--- Material provided Enclosed Below ---

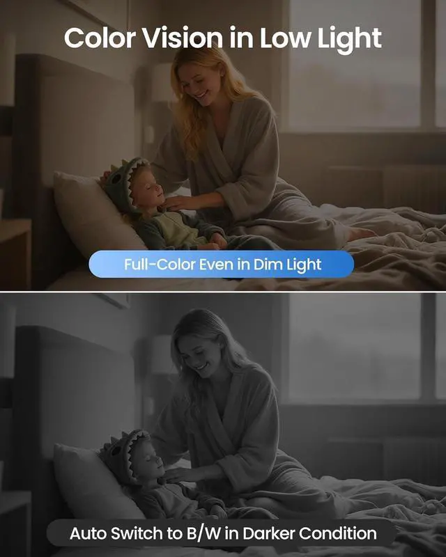 (4). [ Day & Night Clarity ]__ Enjoy vibrant full-color video even in low light. Smart night vision seamlessly switches between color and IR modes, with ranges up to 100ft (dual-lens) or 33ft (4K indoor). Both ensure sharp, detailed footage 24/7.
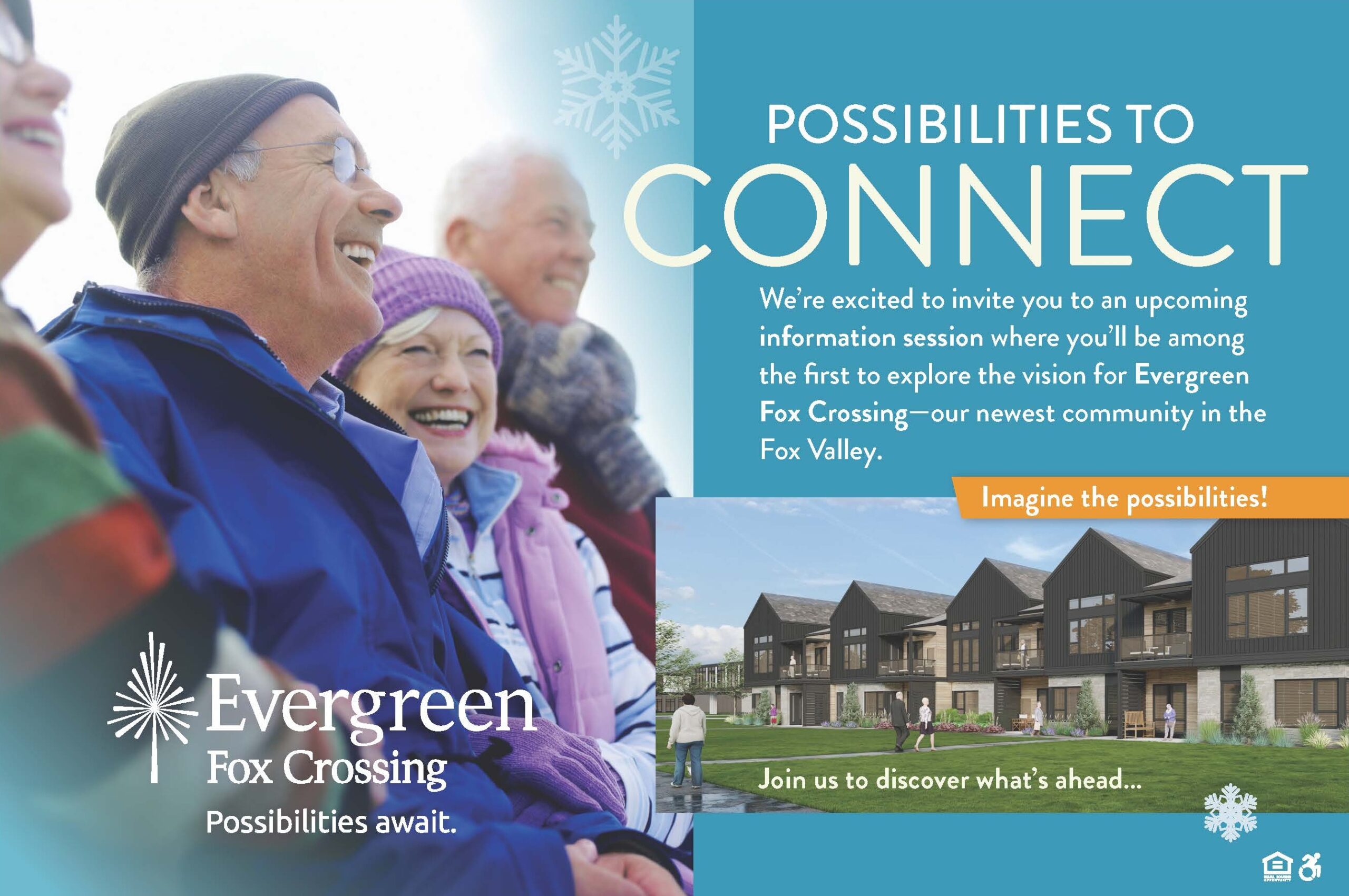 Possibilities Await. This is the way retirement should be. Planning your days as you wish. Exploring new opportunities. Enjoying your neighbors…and staying connected with lifelong friends. It’s more than just a lifestyle to envision for “someday.” It’s the lifestyle awaiting you right now at Evergreen.
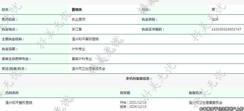 主要執(zhí)業(yè)機構:溫州和平國際醫(yī)院
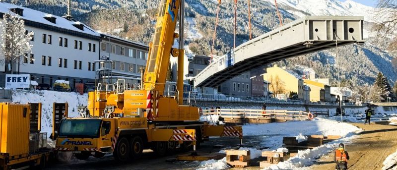 Ein wichtiges Element des neuen Iselstegs überspannt nun die Isel, weitere Arbeiten sind aber noch notwendig.
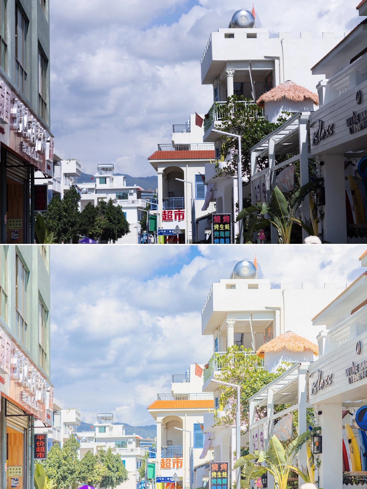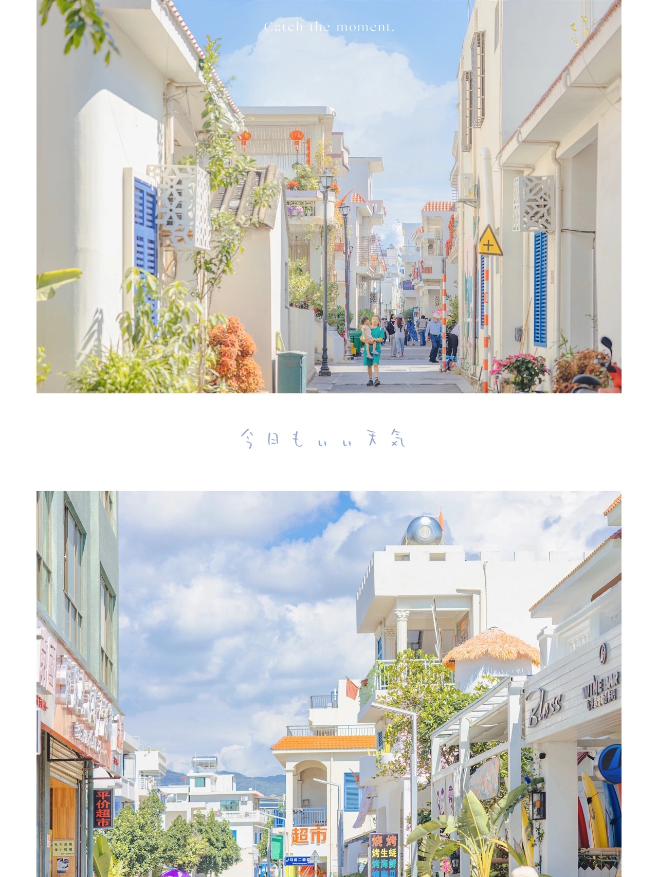 1⃣️ 说什么天涯镇是小圣托里尼和镰仓我觉得有点夸张,只是一个当地有些特色的小渔村,如果纯粹是想拍照的话这里确实还挺出片,整个小镇蓝白色调为主,随处可见的花,有几条巷子直接通往海滩,赶上晴天拍照加上滤镜效果还是很唯美的,记得一定要提前查看天气预报!没有阳光拍出来的照片连滤镜也拯救不了!

--- End of Enclosed Material provided ---

No picture should be included when the data are set down again exactly.

*The answer*.
 (4). [ Day & Night Clarity ]__ Enjoy vibrant full-color video even in low light. Smart night vision seamlessly switches between color and IR modes, with ranges up to 100ft (dual-lens) or 33ft (4K indoor). Both ensure sharp, detailed footage 24/7.
 Possibilities Await. This is the way retirement should be. Planning your days as you wish. Exploring new opportunities. Enjoying your neighbors…and staying connected with lifelong friends. It’s more than just a lifestyle to envision for “someday.” It’s the lifestyle awaiting you right now at Evergreen.
 主要執(zhí)業(yè)機構:溫州和平國際醫(yī)院
 Ein wichtiges Element des neuen Iselstegs überspannt nun die Isel, weitere Arbeiten sind aber noch notwendig.
 1⃣️ 说什么天涯镇是小圣托里尼和镰仓我觉得有点夸张,只是一个当地有些特色的小渔村,如果纯粹是想拍照的话这里确实还挺出片,整个小镇蓝白色调为主,随处可见的花,有几条巷子直接通往海滩,赶上晴天拍照加上滤镜效果还是很唯美的,记得一定要提前查看天气预报!没有阳光拍出来的照片连滤镜也拯救不了!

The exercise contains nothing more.